Cerebrotonics hate to slam doors or raise their voices, and suffer acutely from the unrestrained bellowing and trampling of the somatotonic. Their manner is restrained, and when it comes to expressing their feelings they are extremely reserved. The emotional gush of the viscerotonic strikes them as offensively shallow and even insincere, nor have they any patience with viscerotonic ceremoniousness and love of luxury and magnificence. They do not easily form habits and find it hard to adapt their lives to the routines which come so naturally to somatotonics.

Owing to their over-sensitiveness, cerebrotonics are often extremely, almost insanely sexual; but they are hardly ever tempted to take to drink — for alcohol, which heightens the natural aggressiveness of the somatotonic and increases the relaxed amiability of the viscerotonic, merely makes them feel ill and depressed. Each in his own way, the viscerotonic and the somatotonic are well adapted to the world they live in; but the introverted cerebrotonic is in some sort incommensurable with the things and people and institutions that surround him.

Consequently a remarkably high proportion of extreme cerebrotonics fail to make good as normal citizens and average pillars of society. But if many fail, many also become abnormal on the higher side of the average. In universities, monasteries and research laboratories - wherever sheltered conditions are provided for those whose small guts and feeble muscles do not permit them to eat or fight their way through the ordinary rough and tumble — the percentage of outstandingly gifted and accomplished cerebrotonics will almost always be very high. Realizing the importance of this extreme, over-evolved and scarcely viable type of human being, all civilizations have provided in one way or another for its protection.

In the light of these descriptions we can understand more clearly the Bhagavad-Gita’s classification of paths to salvation. The path of devotion is the path naturally followed by the person in whom the viscerotonic component is high. His inborn tendency to externalize the emotions he spontaneously feels in regard to persons can be disciplined and canalized, so that a merely animal gregariousness and a merely human kindliness become transformed into charity-devotion to the personal God and universal goodwill and compassion towards all sentient beings.

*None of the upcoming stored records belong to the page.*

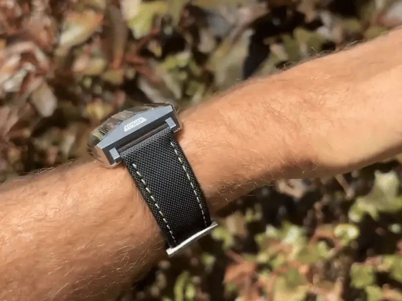 The strap's outer surface is specially processed nylon for more durable wear in daily life. The side that touches the skin is soft black cowhide leather for added comfort.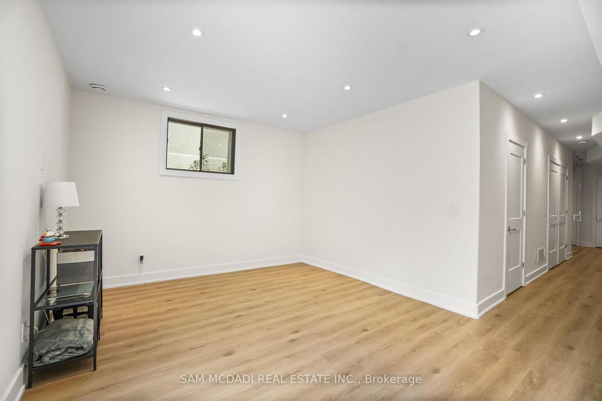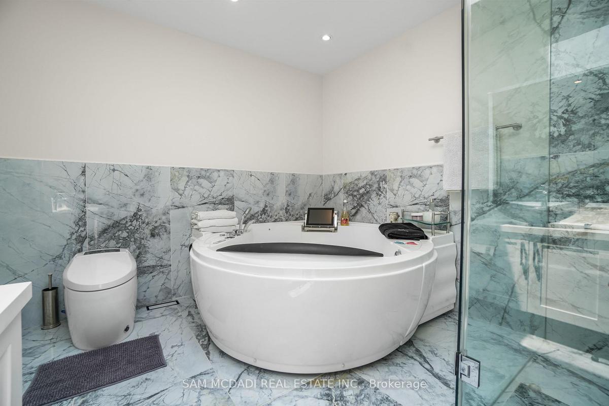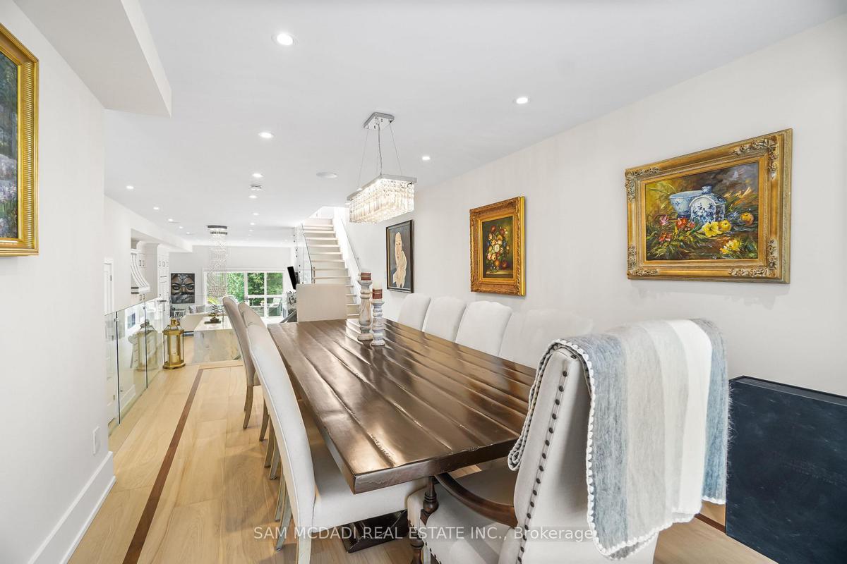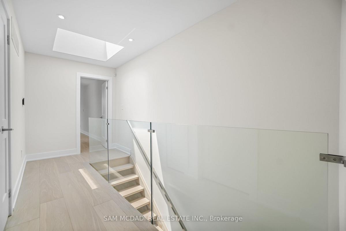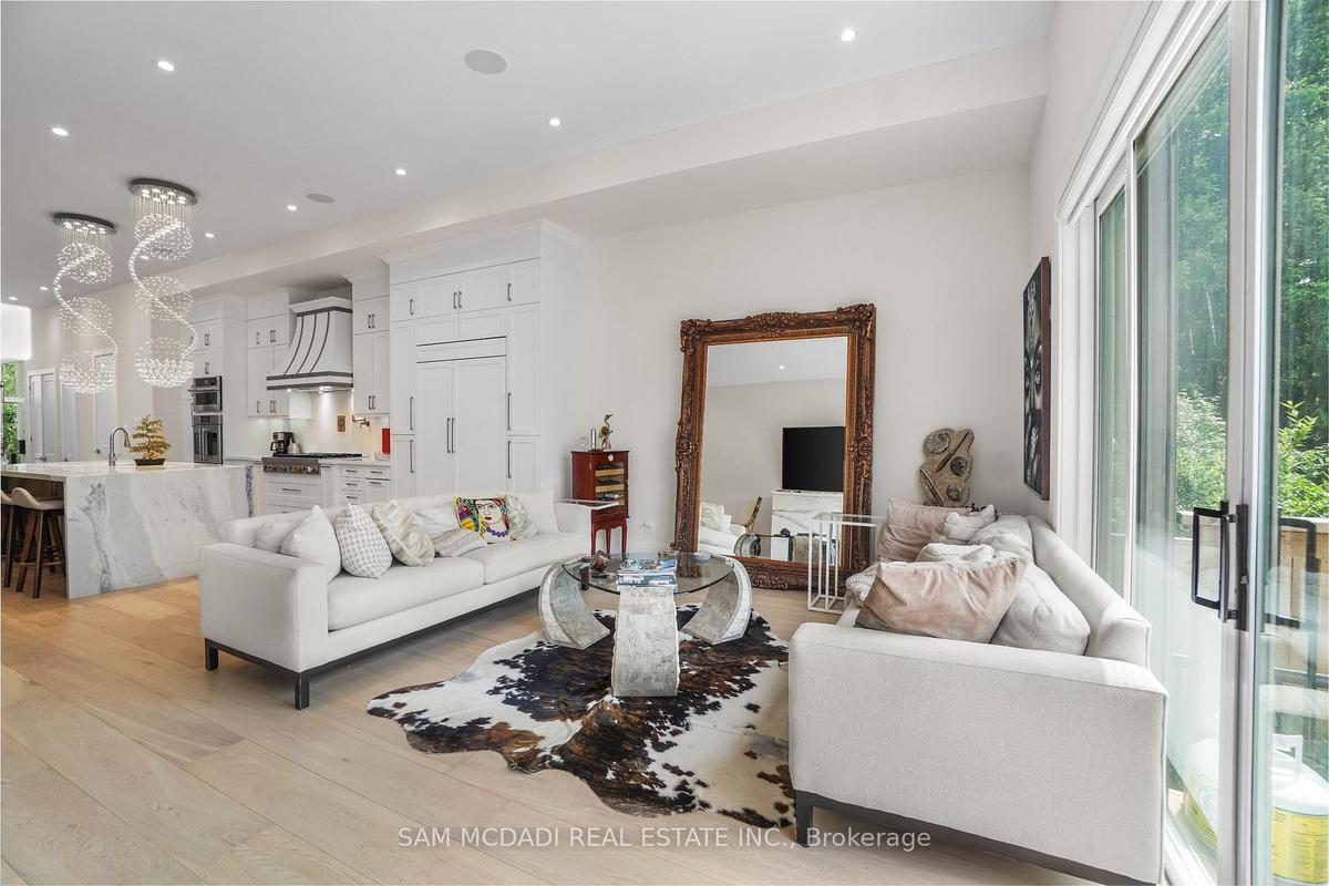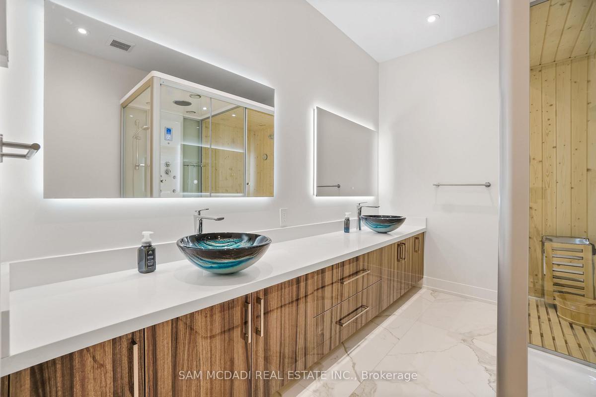 Calling all Blue Chip Tenants! Set in one of Mississauga's most sought-after and evolving neighbourhoods, 1036 Enola Avenue isn't just a home, it's a daily escape into luxury and modern living. Just minutes from the upcoming Lakeview Village, Port Credit, and Lake Ontario's shoreline, this stunning residence blends sophistication with everyday functionality, offering over 3,600 sq ft of meticulously finished space. With no detail overlooked, this custom showpiece features 11-ft ceilings on the main level, open-tread staircases, and sleek glass railings that create effortless flow and sophistication. At the heart of the home, the chef's kitchen is outfitted with built-in premium appliances, custom hood, and a showstopping illuminated imported marble island. Pot lights, wide-plank flooring, and integrated speakers enhance the modern aesthetic. The adjoining living area is anchored by a sleek gas fireplace and full-length windows framing tranquil, green views. The spa-inspired primary suite offers a sculptural soaking tub, dual rainfall shower towers, and a custom walk-in closet. Additional bedrooms are generously sized with designer finishes, and a skylight above the upper hallway floods the space with natural light. The fully finished lower level elevates the living experience with a glass-enclosed wine cellar, private sauna, and a separate walk-up entrance, ideal for extended family or a home office. A modern bathroom with double vessel sinks completes the space. Each level features built-in iPad screens connected to the door camera system for secure, voice-enabled entry, while integrated speakers throughout the home are powered by a premium Onkyo audio system perfect for immersive, whole-home sound. Outside, a fenced yard and deck create a private setting for summer entertaining. Just steps from lakefront parks, golf, top-tier schools, and with easy access to the QEW, Highway 403, and the GO Station, this is luxury living in Lakeview at its finest.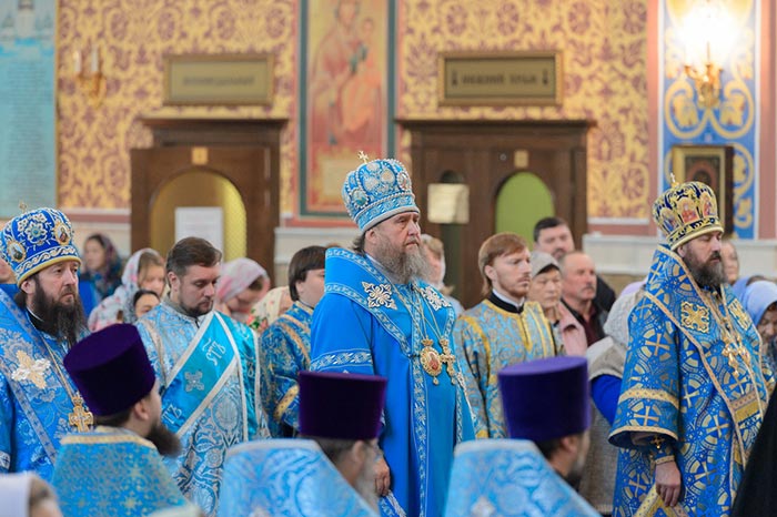В завершение богослужения Глава Казахстанского Митрополичьего округа поздравил епископат, священнослужителей, монашествующих и мирян с двунадесятым праздником и престольным днем и обратился к собравшимся с архипастырской проповедью.

The path of works is for those whose extraversion is of the somatotonic kind, those who in all circumstances feel the need to ‘do something.’ In the unregenerate somatotonic this craving for action is always associated with aggressiveness, self-assertion and the lust for power. For the born Kshatriya, or warrior-ruler, the task, as Krishna explains to Arjuna, is to get rid of those fatal accompaniments to the love of action and to work without regard to the fruits of work, in a state of complete non-attachment to self. Which is, of course, like everything else, a good deal easier said than done.

Finally, there is the way of knowledge, through the modification of consciousness, until it ceases to be ego-centred and becomes centred in and united with the divine Ground. This is the way to which the extreme cerebrotonic is naturally drawn. His special discipline consists in the mortification of his innate tendency towards introversion for its own sake, towards thought and imagination and self-analysis as ends in themselves rather than as means towards the ultimate transcendence of phantasy and discursive reasoning in the timeless act of pure intellectual intuition.

Within the general population, as we have seen, variation is continuous, and in most people the three components are fairly evenly mixed. Those exhibiting extreme predominance of any one component are relatively rare. And yet, in spite of their rarity, it is by the thought-patterns characteristic of these extreme individuals that theology and ethics, at any rate on the theoretical side, have been mainly dominated.